3. Petitum permohonan

Adapun dalam petitumnya, Pemohon meminta agar MK menyatakan frasa "Menteri" pada Pasal 23 Undang-Undang Nomor 39 Tahun 2008 tentang Kementerian Negara bertentangan dengan UUD NRI 1945 dan tidak mempunyai kekuatan hukum mengikat. Mereka meminta agar pasal itu diubah menjadi, "Menteri dan Wakil Menter".
Sehingga selengkapnya berbunyi: "menteri dan wakil menteri dilarang merangkap jabatan sebagai: a. pejabat negara lainnya sesuai dengan peraturan perundang-undangan; b. komisaris atau direksi pada perusahaan negara atau perusahaan swasta; atau c. pimpinan organisasi yang dibiayai dari Anggaran Pendapatan Belanja Negara dan/atau Anggaran Pendapatan Belanja Daerah".

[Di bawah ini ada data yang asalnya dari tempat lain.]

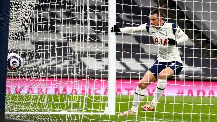 Gareth Bales femte mål på siste seks kamper. Og Harry Kanes 12. ligamålgivende for sesongen.
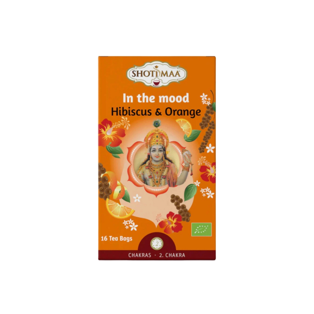 Hibiskus & Appelsin Urtete ØKO fra Shoti Maa er en økologisk teblanding som kombinerer hibiskusens friske karakter med en fruktig tone av appelsin. Inspirert av ayurvedisk tradisjon gir denne balanserte miksen av urter og krydder en varm invitasjon til ro og velvære. "Shoti Maa In the mood" gjenspeiler merkets lange erfaring med å forene naturlige ingredienser i unike og nøye sammensatte teblandinger.
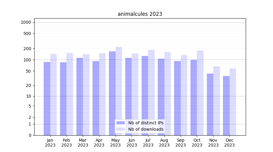 Number of downloads for software package animalcules, year by year, from 2025 back to 2014 (years with no downloads are omitted):

Kemudian, MK juga diminta memutuskan Pasal 27B Undang-Undang Nomor 1 Tahun 2025 tentang Perubahan Ketiga Atas Undang-Undang Nomor 19 Tahun 2003 tentang Badan Usaha Milik Negara (UU BUMN) bertentangan dengan UUD NRI 1945. Pemohon meminta agar pasal itu diubah menjadi "Dewan Komisaris dilarang merangkap jabatan sebagai: a. anggota Direksi, Dewan Komisaris, atau Dewan Pengawas pada BUMN lain, anak usaha BUMN dan turunannya, dan BUMD; b. jabatan struktural dan fungsional pada kementerian/lembaga Pemerintah Pusat dan pemerintah daerah; c. pengurus partai politik, calon anggota legislatif, anggota legislatif, calon kepala daerah, calon wakil kepala daerah, kepala daerah, dan/ atau wakil kepala daerah; d. jabatan lain yang dapat menimbulkan benturan kepentingan; dan/ atau e. jabatan lain sesuai dengan ketentuan peraturan perundang-undangan".
Selain itu, MK juga diminta menyatakan Pasal 56B UU BUMN bertentangan dengan UUD NRI 1945 sepanjang tidak dimaknai "Dewan Pengawas dilarang merangkap jabatan sebagai: anggota Direksi, Dewan Komisaris, atau Dewan Pengawas pada BUMN lain, Anak Usaha BUMN dan turunannya, Badan Usaha Milik Daerah, dan jabatan lain yang dapat menimbulkan benturan kepentingan; b. jabatan struktural dan fungsional pada kementerian/lembaga pemerintah pusat dan pemerintah daerah; c. pengurus partai politik, calon anggota legislatif, anggota legislatif, calon kepala daerah, calon wakil kepala daerah, kepala daerah, dan/ atau wakil kepala daerah; dan/ atau d. jabatan lain sesuai dengan ketentuan peraturan perundang-undangan".